Bone mineral density differences between adolescent dancers and non-exercising adolescent females
- PMID: 16202937
- DOI: 10.1016/j.jpag.2005.06.005
Bone mineral density differences between adolescent dancers and non-exercising adolescent females
Abstract
Study objective: To compare the bone mineral density (BMD) of the axial and appendicular skeleton between regularly exercising collegiate dancers and age matched non-exercising young females between the age of 17 and 19 to assess the impact of weight-bearing exercises and menstrual status on BMD.
Design: Prospective observational cohort.
Setting: Sports clinic in a collegiate school of dance and a hospital-based adolescent clinic.

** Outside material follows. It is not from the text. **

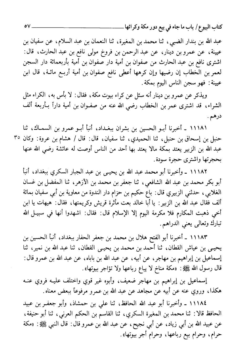 11184 - وَأَخْبَرَنَا أَبُو عَبْدِ اللهِ الْحَافِظُ، ثنا عَلِيُّ بْنُ حَمْشَاذٍ، وَأَبُو جَعْفَرِ بْنُ عُبَيْدٍ الْحَافِظُ، قَالَا: ثنا مُحَمَّدُ بْنُ الْمُغِيرَةِ السُّكَّرِيُّ، ثنا الْقَاسِمُ بْنُ الْحَكَمِ الْعُرَنِيُّ، ثنا أَبُو حَنِيفَةَ، عَنْ عُبَيْدِ اللهِ بْنِ أَبِي زِيَادٍ، عَنْ أَبِي نَجِيحٍ، عَنْ عَبْدِ اللهِ بْنِ عَمْرٍو قَالَ: قَالَ النَّبِيُّ صَلَّى اللهُ عَلَيْهِ وَسَلَّمَ: " §مَكَّةُ حَرَامٌ، وَحَرَامٌ بَيْعُ رِبَاعِهَا، وَحَرَامٌ أَجْرُ بُيُوتِهَا " -[58]- كَذَا رُوِيَ مَرْفُوعًا، وَرَفْعُهُ وَهْمٌ، وَالصَّحِيحُ أَنَّهُ مَوْقُوفٌ، قَالَهُ لِي أَبُو عَبْدِ الرَّحْمَنِ السُّلَمِيُّ عَنْ أَبِي الْحَسَنِ الدَّارَقُطْنِيِّ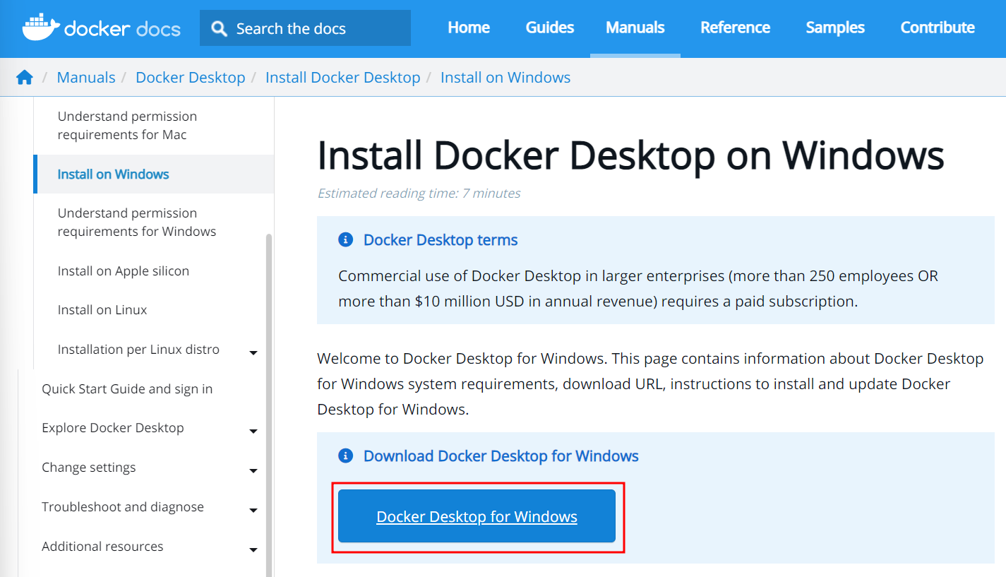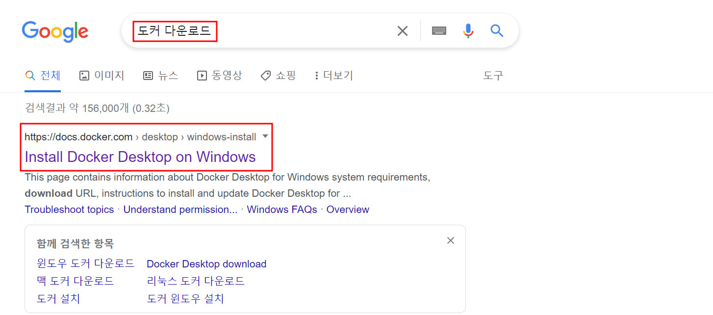 맥을 쓰시는 분들과 위 설정을 모두확인 하신 윈도우 유저분들은 구글에서 <도커 다운로드> 라고 검색하시고 가장 위에 보이는 링크를 클릭 하시면 됩니다.

Participants: The adolescent dancers consisted of full-time collegiate dance students from a tertiary Performing Arts Institute (n = 35). The non-exercising controls consisted of eumenorrhoeic patients of the same age presenting to the Adolescent Clinic (n = 35).
Interventions: All subjects had a full hormonal profile, bio-impedance estimation of body fat, and dual energy X-ray absorptiometry and quantitative peripheral CT scans (pQCT) to determine bone density.

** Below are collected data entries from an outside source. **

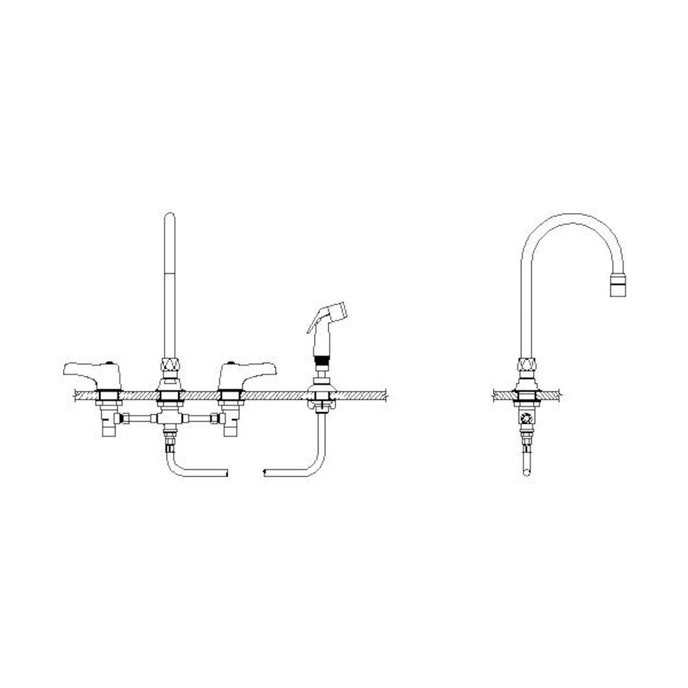 Commercial 27C1 / 27C2 Two Handle 8" Below Deck Mount Faucet with Hose and Spray, Chrome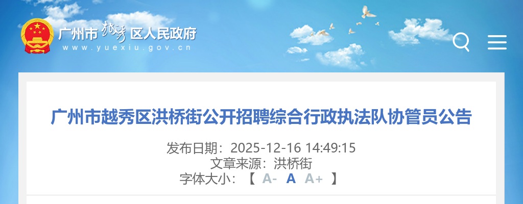 【2025广东广州市越秀区洪桥街招聘综合行政执法队协管员1人公告进入阅读模式】相关岗位: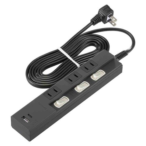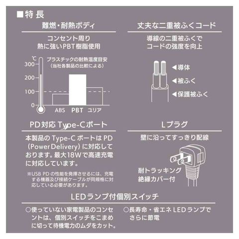USB、Type-C、PD、PowerDelivery対応、最大18Wで急速充電、USB差込口、Type-C、Type-A、TypeA+TypeC、合計3.4A出力、AC差込口、3口、LEDランプ付、1400W、導線、二重被ふくコード、Lプラグ、耐トラッキング、絶縁カバー付、ブラック

Main outcome measures: Comparison of the mean bone mineral density in the axial and appendicular skeleton between the two groups.
Results: The incidence of oligo/amenorrhoea in the dancers was 20%. The lumbar spine BMD (1.006 g/cm(2) vs. 0.938, P = 0.048) and hip BMD (neck of femur 0.978 g/cm(2) vs. 0.838, P < 0.001; Ward's triangle 0.816 g/cm(2) vs. 0.720, P = 0.003; trochanter 0.777 g/cm(2) vs. 0.682; P < 0.001) were significantly higher in the eumenorrhoeic dancers as compared to controls. The radial BMD as measured by pQCT did not differ between the two groups, but the core trabecular tibial BMD was also higher in the dancers (321 mg/cm(3) vs. 286, P = 0.006). When only oligo/amenorrhoeic dancers (n = 7) were compared with the controls, the same differences in BMD values were no longer observed.
Conclusion: Young women undergoing regular intensive weight-bearing exercises as in the collegiate dancers here studied have higher BMD in the axial and appendicular skeleton as compared to non-exercising females of the same age if they remain eumenorrhoeic during their training. This advantage was apparently lost when they developed oligo/amenorrhoea.